There are lots of reasons for this. An outfitter’s popularity and reputation, limited seasons and limited quota. Or, even within a long season, favorable weather or conditions for prime species could also limit options.
Ideally, you don’t want to hunt leopards late, after groundwater dries and key prey species drop their young. It is best to hunt kudu early during the rut, from late May to early July. Given a choice, you want to hunt elk or red stag when they’re bugling or roaring, perhaps a four-week window within a season that might run months.
For sure, go hunting when you can. The animals are there, and great things can happen whenever the season is open. However, it’s always best to do your research and put yourself in the best place at the best time. These days, more than in recent years, this means it’s wise to plan ahead.
Sure, you can get lucky. Ten years ago, after exhaustive deliberation and procrastination, my buddy John Stucker was “almost ready” to pull the trigger on his first African safari. He wasn’t in a hurry.
I suggested he contact Dirk de Bod in Namibia, which is a great destination and outfitter. I soothed Stucker by assuring him that Dirk was “always” booked up a couple of years out.
“Just get something on the calendar,” I said.
Wouldn’t you know it, Dirk had an opening six months later. Stucker was, well, stuck.
He took the opening, and to this day, he suspects I gooned him. (He also blames me for the several safaris that have followed.)
Was that good luck or bad?
Depends on how you look at it, but don’t expect to walk into our 2025 Convention and find that every outfitter has dates within the calendar year. Sure, they’re out there. Some areas have more competition, some hunts are tougher to sell and some outfitters have more slots to sell than others.
All outfitters suffer occasional cancellations and then must scramble to fill them. For some hunters, cancellations are a plan. Sit back like scavengers, hoping to swoop in for a deal.
Sometimes, it works, but it’s hard to count on. Others plan by purchasing hunts at auctions. There is nothing wrong with that. It’s good for everybody, and an auction hunt carries a specified date or period, meaning that opening is set aside.
The only problem with that plan is that the exact hunt you want may not be on the auction block at the exact time you want to go. It is still good to shop at our Convention. It’s the world’s best shopping mall for hunters, but absent luck, my sense is we need to plan further out. Maybe at this convention, look ahead to 2026, even 2027.
I’ve never had a fixed vacation, and the uncertainty of all those years in the Marines made long-range plans risky. Planning hunts a couple of years out would be a sea change for me — especially these days when I’m reluctant to purchase green bananas.
Having recently lost out on hunts I wanted because they were booked up, I’m convinced planning farther out is increasingly necessary. I’m working on it.

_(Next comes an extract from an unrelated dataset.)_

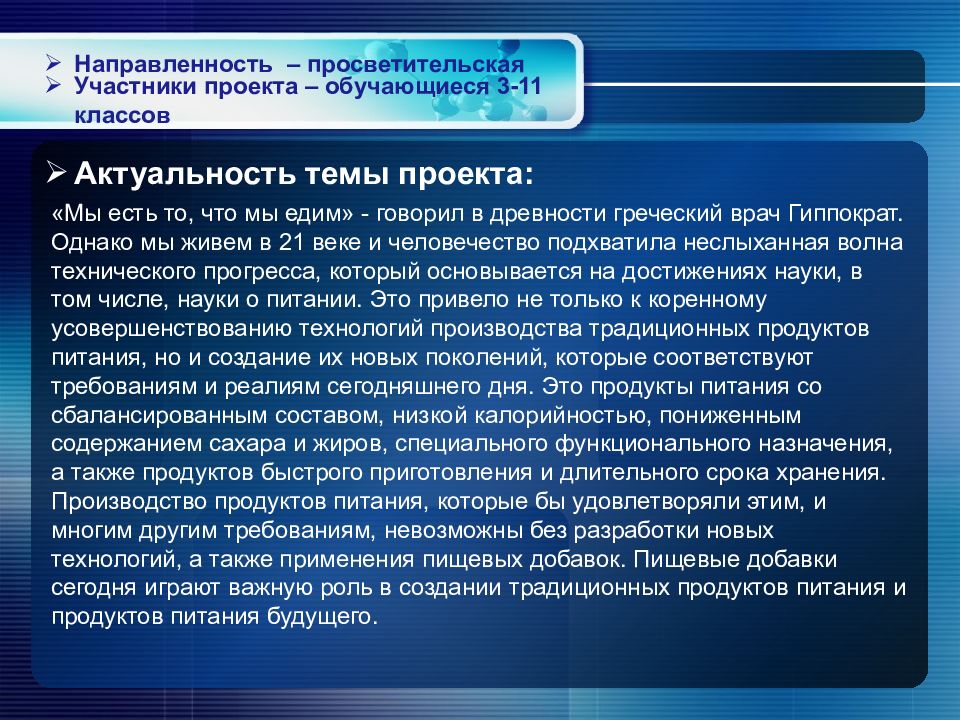 Актуальность темы проекта : Направленность – просветительская «Мы есть то, что мы едим» - говорил в древности греческий врач Гиппократ. Однако мы живем в 21 веке и человечество подхватила неслыханная волна технического прогресса, который основывается на достижениях науки, в том числе, науки о питании. Это привело не только к коренному усовершенствованию технологий производства традиционных продуктов питания, но и создание их новых поколений, которые соответствуют требованиям и реалиям сегодняшнего дня. Это продукты питания со сбалансированным составом, низкой калорийностью, пониженным содержанием сахара и жиров, специального функционального назначения, а также продуктов быстрого приготовления и длительного срока хранения. Производство продуктов питания, которые бы удовлетворяли этим, и многим другим требованиям, невозможны без разработки новых технологий, а также применения пищевых добавок. Пищевые добавки сегодня играют важную роль в создании традиционных продуктов питания и продуктов питания будущего. Участники проекта – обучающиеся 3-11 классов

In 2019, I hunted caribou on the Alaskan Peninsula out of Dave Leonard’s brown bear camp. I decided I wanted to hunt the Alaskan brown bear one more time and committed to the October 2023 bear season. Pretty sure it’s the only hunt I ever booked four years out. Maybe I’m getting better, and I have help.
My buddy Stucker, with limited vacation time and kids in school, is a long-range planner. He’s already got me roped into a hunt in 2026, trying to talk me into committing to another in 2027. Seems like a bright green banana, but maybe.
Features Editor Col. Craig Boddington is an author, hunter and longtime SCI member. He is past president of the Los Angeles Chapter, a decorated Marine and C.J. McElroy Award winner.